### [AIM OF THE TASK]
Exactly as written, return every line of the data below apart from the pictures.

### [DATA PROVIDED]

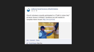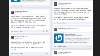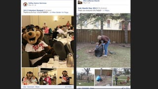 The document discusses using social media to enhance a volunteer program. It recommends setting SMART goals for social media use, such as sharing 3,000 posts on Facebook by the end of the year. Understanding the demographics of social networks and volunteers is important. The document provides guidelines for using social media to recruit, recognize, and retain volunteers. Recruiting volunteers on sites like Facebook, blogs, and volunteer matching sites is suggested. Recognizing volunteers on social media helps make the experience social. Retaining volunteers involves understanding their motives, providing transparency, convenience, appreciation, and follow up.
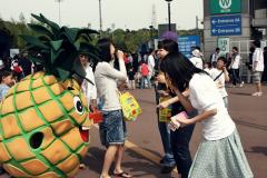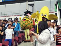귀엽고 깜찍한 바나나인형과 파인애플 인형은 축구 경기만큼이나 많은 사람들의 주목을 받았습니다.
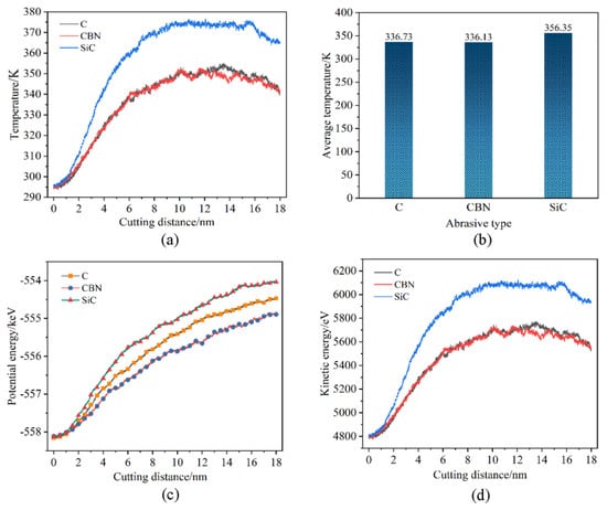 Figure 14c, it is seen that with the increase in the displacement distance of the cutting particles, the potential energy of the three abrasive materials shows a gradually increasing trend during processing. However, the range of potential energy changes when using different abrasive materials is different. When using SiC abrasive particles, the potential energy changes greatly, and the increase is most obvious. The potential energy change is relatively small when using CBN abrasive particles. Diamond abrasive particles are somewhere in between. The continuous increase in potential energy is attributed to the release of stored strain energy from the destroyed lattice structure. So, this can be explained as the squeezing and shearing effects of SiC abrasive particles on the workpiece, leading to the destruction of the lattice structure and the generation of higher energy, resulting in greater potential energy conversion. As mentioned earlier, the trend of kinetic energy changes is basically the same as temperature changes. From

### [EXERCISE RESPONSE]
 The document discusses using social media to enhance a volunteer program. It recommends setting SMART goals for social media use, such as sharing 3,000 posts on Facebook by the end of the year. Understanding the demographics of social networks and volunteers is important. The document provides guidelines for using social media to recruit, recognize, and retain volunteers. Recruiting volunteers on sites like Facebook, blogs, and volunteer matching sites is suggested. Recognizing volunteers on social media helps make the experience social. Retaining volunteers involves understanding their motives, providing transparency, convenience, appreciation, and follow up.
귀엽고 깜찍한 바나나인형과 파인애플 인형은 축구 경기만큼이나 많은 사람들의 주목을 받았습니다.
 Figure 14c, it is seen that with the increase in the displacement distance of the cutting particles, the potential energy of the three abrasive materials shows a gradually increasing trend during processing. However, the range of potential energy changes when using different abrasive materials is different. When using SiC abrasive particles, the potential energy changes greatly, and the increase is most obvious. The potential energy change is relatively small when using CBN abrasive particles. Diamond abrasive particles are somewhere in between. The continuous increase in potential energy is attributed to the release of stored strain energy from the destroyed lattice structure. So, this can be explained as the squeezing and shearing effects of SiC abrasive particles on the workpiece, leading to the destruction of the lattice structure and the generation of higher energy, resulting in greater potential energy conversion. As mentioned earlier, the trend of kinetic energy changes is basically the same as temperature changes. From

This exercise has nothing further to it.